The first meal she prepares for Vincent is roasted chicken. "I had spent the early part of the morning preparing my favorite dishes. ...I handpicked the chicken from Armel, the butcher, insisting that ti Have the largest, juiciest one from that morning's slaughter. ...The entire house now smelled of my crisp roasted chicken.... I could not help but smile as I emerged from the kitchen with the large platter in my arms" (pp. 52-53).


On the Plate
Roasting a chicken is not for the faint of heart. I mean, anyone can stick a whole chicken in the oven and roast it till it's not raw. But, seriously, the number of mediocre roasted chickens I've made is embarrassing. And there is nothing worse than dried out chicken breasts, right?

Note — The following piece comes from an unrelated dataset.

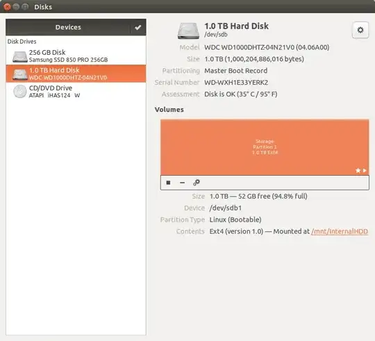 So I start the Disks utility to have a look, and the Disks utility reports that my disk "InternalHDD" has 52 GB free.

So, when I read about a technique that splits the chicken and flattens it, I knew I could marinate it easily and roast it to (near) perfection. I've tested it out a few times and it has changed my mind about roasted chicken. And - it's so easy - I will certainly add this to our dinner menu rotation. I can imagine plating this golden brown chicken on bright turquoise platters in Gachet's garden!

Ingredients
  • 1 whole 4-pound chicken
  • 4 to 5 cloves whole garlic, peeled and minced
  • 1 T fresh rosemary, chopped
  • 1/2 t fennel pollen
  • olive oil
  • juice from 2 organic lemons
  • lemon slices
  • freshly ground salt
  • freshly ground pepper
  • 1 fennel bulb, trimmed and thickly sliced


Procedure 
Spatchcock It
Place chicken on a cutting board, breast side down. With a sturdy pair of kitchen shears, cut along one side of the backbone, starting at thigh end. Turn chicken around and cut along other side. You can discard the backbone or save it for stock. Spread the chicken on a flat surface and press firmly on breastbone to flatten it.

Rub It
Rub the chicken with olive oil and sprinkle it liberally with  salt and pepper. Massage the rosemary, garlic, and fennel pollen into the skin. Pour the juice from 1 lemon over the top. Cover and refrigerate for at least 2 hours before roasting.

Roast It
Preheat oven to 375 degrees F. Place the spatchcocked chicken flat in a roasting dish. Drizzle with the remaining lemon juice. Scatter fennel pieces and lemon slices around the chicken.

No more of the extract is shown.